After becoming minister, Butenko ordered the dissolution of all political councils, committees, party branches, and armed squads organized by transport employees during the revolution. Under his management, every railway directorate employed a commissar who personally reported to the minister and remained in contact with the hetman's authority. In order to solve the issue of debts, Butenko's ministry lowered the wages of railway employees, reduced the number of personnel, and abolished the right of railwaymen to free passage. At the same time, special compensational payments were introduced in order to cover the workers' rising expenses. By mid-1918 Butenko's ministry managed to restore regular operation of Ukrainian railways following a crisis caused by war and Bolshevik occupation. Under Butenko's leadership, the ministry worked on a plan of reconstruction of Zvirynets area in Kyiv, which had been damaged by explosions at an artillery warehouse, and also drafted projects on the establishment of a canal between the Dnieper and Siversky Donets, construction of a lock system on the Dnieper Rapids, planned oil exploration in the area of Odesa etc.

Following the establishment of a railway workers' trade union, Butenko's ministry refused to legalize it. After the declaration of a railway strike, he ordered to fire its participants. On 29 July 1918, Butenko survived an assassination attempt near his summer home in Pushcha-Vodytsia. According to an official investigation, the attempted murder was organized by the railwaymen's strike committee. The failed assassination was overshadowed by the killing of German field marshal Hermann von Eichhorn in Kyiv, which took place one day later. By mid-August 1918, the wave of railway strikes had been extinguished following repressions by the hetman's administration and Austro-German command. The government agreed to minor concessions, such as payment of delayed wages and improvement of supplies.

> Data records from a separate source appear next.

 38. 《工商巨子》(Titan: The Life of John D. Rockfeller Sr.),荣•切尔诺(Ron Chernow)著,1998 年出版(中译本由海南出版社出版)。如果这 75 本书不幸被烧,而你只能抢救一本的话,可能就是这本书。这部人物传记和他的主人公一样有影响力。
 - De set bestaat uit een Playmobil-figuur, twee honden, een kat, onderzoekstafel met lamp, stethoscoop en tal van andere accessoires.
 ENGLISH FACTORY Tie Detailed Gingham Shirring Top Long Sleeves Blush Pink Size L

===Resignation and emigration===
Due to continuing sabotage and theft on the railways, on 20 October 1918 Butenko promoted the adoption of a special law, which increased security measures on the railways. On 26 October, he was reappointed to his ministerial position. On 12 November, he issued a decree introducing a state of emergency in railway transport. However, on 14 November 1918, Butenko left his post following the resignation of the Lyzohub Government.

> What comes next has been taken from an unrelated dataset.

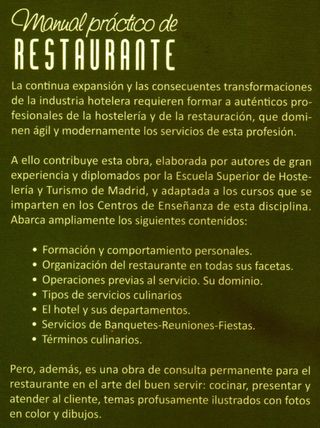 [Estado. Como Nuevo]. Título: Manual Práctico Para Restaurante. Profusamente ilustrado. Autor: Jesús Felipe Gallego. Edita: Ediciones Paraninfo 2014. Isbn 9788428325127. Encuadernación: Rústica ilustrada. Formato: 21.50 x 16.00 cms. Páginas: 407. F3034.

After staying in Ukraine for some time, in 1919 he was forced to emigrate to Germany, and later settled in Hungary. In emigration, Butenko initially remained close to Skoropadsky, but also cooperated with Archduke Wilhelm of Austria. Looking for reconciliation with Russian monarchist circles, in May 1921 he took part in the international congress of Russian monarchists in Bad Reichenhall.

It was long believed that Butenko died in 1926 in Budapest. However, an obituary published by the Magyar Távirati Iroda states that his death took place on 9 December 1940 at a hospital. He was buried on 15 December of the same year at the New Cemetery in Budapest.